I looked at him trying to hold back the river of tears in my eyes but there weren't any words coming out from my mouth to reply his question.

Gathering up some courage left in me i tried to form words.
"No.." cam out of my mouth.

The face which was glowing and smiling at me with steel blue eyes looked like it lost all his colour and turned pale his smile dropped and looked at me in confusion.

That was my breaking point and i felt weak on my knees and fell to the ground with tears bursting through my eyes. I wasn't able to handle all the stress.

But sebestian leaned down crouched next to me wiping my tears and hugging me.
I made my way in his lap and cried for good 15 minutes soaking his white shirt and he asked no questions just gently stroked my hair and tried calming me down.

When i was a bit better he held my fave in his hands and looked at me with piercing eyes " what happened doll?" He asked gently.

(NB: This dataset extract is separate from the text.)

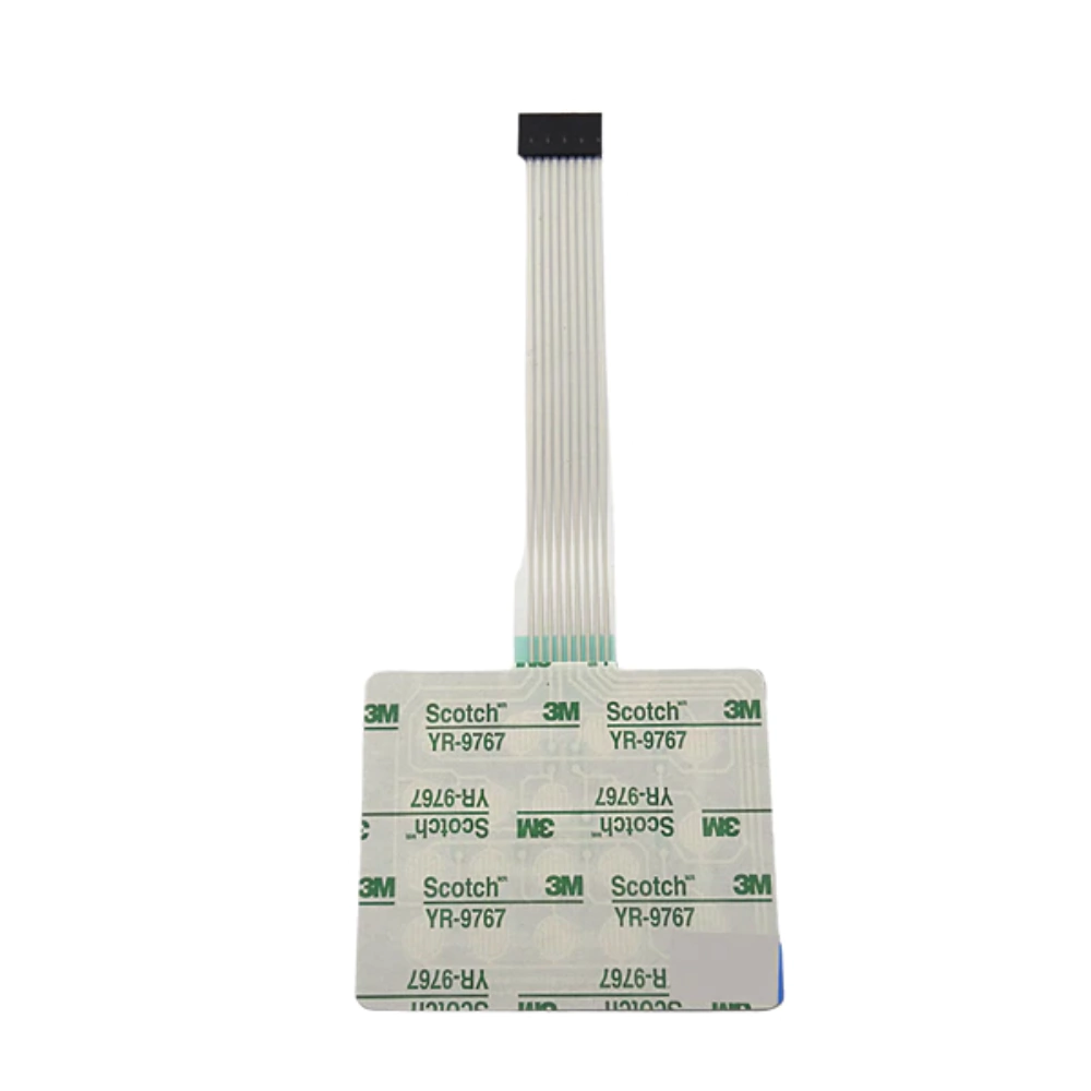 Adesivo de reposição fabricado com circuito flexível (parte eletrônica) com exatos 10,7 cm de largura x 8,5 cm de altura. Esse produto se aplica no modelo : Bomba Daruma 18 Teclas.

I took a deep breath before answering him and went on explaining what the doctor said and how much time i am left with me.
He cried, he cried for so long hearing all this.
"I love you Mia, i love you more than anything in this world and we will fight this together as a team and we will win doll i promise you mia... We will get through this!" He said kissing me while years were still rolling down his eyes.

He picked me up bridal style and carried me to the sofa and we laid together which felt for like forever.
And then he asked me "as i have promised you that i will be there will you marry me now??" He asked looking hopefully at me.

And i said 'yes' smiling at him cause i know we can fight this together.